Validation for dare() includes residual checks, closed-loop pole checks, Octave-backed reference tests, JIT agreement, and finite-difference gradient checks.

Continuous Riccati: care()

care() uses a Hamiltonian stable-subspace solve with an implicit-differentiation backward pass.

At the control level, care() plays the same role for continuous lqr(): solve for S, recover K_c, then inspect the spectrum of \(A_{\mathrm{cl},c}\).

Reference: Laub (1979), "A Schur Method for Solving Algebraic Riccati Equations". Contrax follows the same stable-subspace idea but uses a JAX-native eigendecomposition path rather than a Schur-based LAPACK routine in the hot path.

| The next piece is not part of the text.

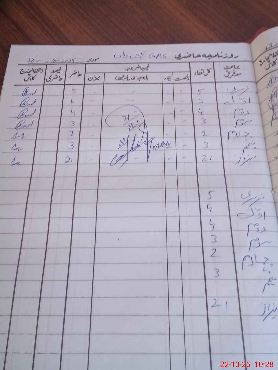 | CNIC | Full Name | Designation | R/C | Absence During Last Calender Month |

That makes continuous lqr() a supported design path, but the solver maturity is still lower than dare():

  • the forward solve validates the Hamiltonian stable-subspace split and checks the CARE residual before returning
  • the implementation has Octave-reference tests, JIT agreement tests, and finite-difference gradient checks
  • the benchmark slice is smaller
  • broader conditioning diagnostics are still needed
  • Newton-Kleinman polishing may still prove useful on harder systems

Solver Selection And Schur-Based Methods

In classical control software, Schur- or QZ-based methods are standard. In Contrax, the issue is not mathematical legitimacy. The issue is the execution story:

  • CPU-only decomposition paths are a bad fit for the intended JAX/GPU story
  • a solver path that is numerically fine in forward mode may be a poor fit for differentiation
  • unrolling an iterative solver in the backward pass is the wrong memory story

That is why Contrax cares about both the forward algorithm and the backward contract.

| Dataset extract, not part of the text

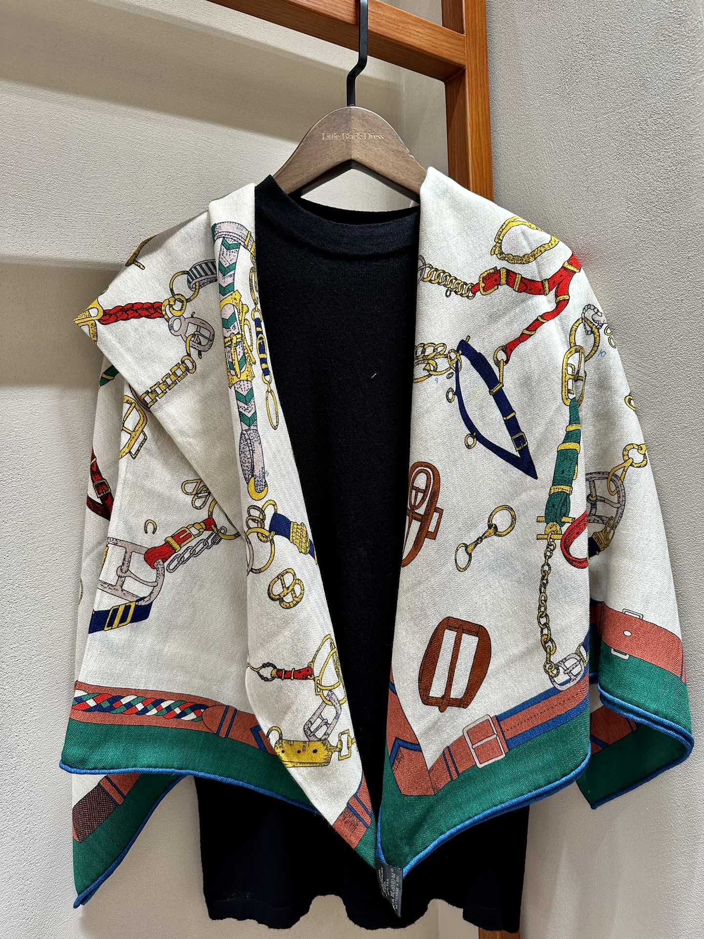 Chevaux Dechaines Shawl 135 CM IN Green Colorful Cashmere Silk 373684

Failure Modes And Diagnostics

The first signs of trouble on unfamiliar systems are usually:

  • large Riccati residuals
  • non-stabilizing closed-loop poles
  • failure to isolate the required stable Hamiltonian subspace
  • poor agreement with reference solvers on representative systems
  • unstable or non-finite gradients through small design objectives

How to Validate a Riccati Solve

On unfamiliar systems, the minimum useful checks are:

  • Riccati residual size
  • closed-loop stability
  • agreement with Octave or SciPy on representative reference systems
  • finite gradients through small objectives involving Q, R, A, or B

For the public discrete path, also treat benchmark coverage as part of solver maturity rather than as a separate research exercise.

JAX Behavior

Both Riccati solvers are written to stay inside the JAX execution model:

  • dare() uses a JAX-native structured-doubling forward solve plus a custom VJP
  • care() uses a JAX-native Hamiltonian eigendecomposition plus an implicit custom VJP

That makes both paths suitable for compiled controller-design objectives, with the usual caveat that conditioning and benchmark coverage still matter.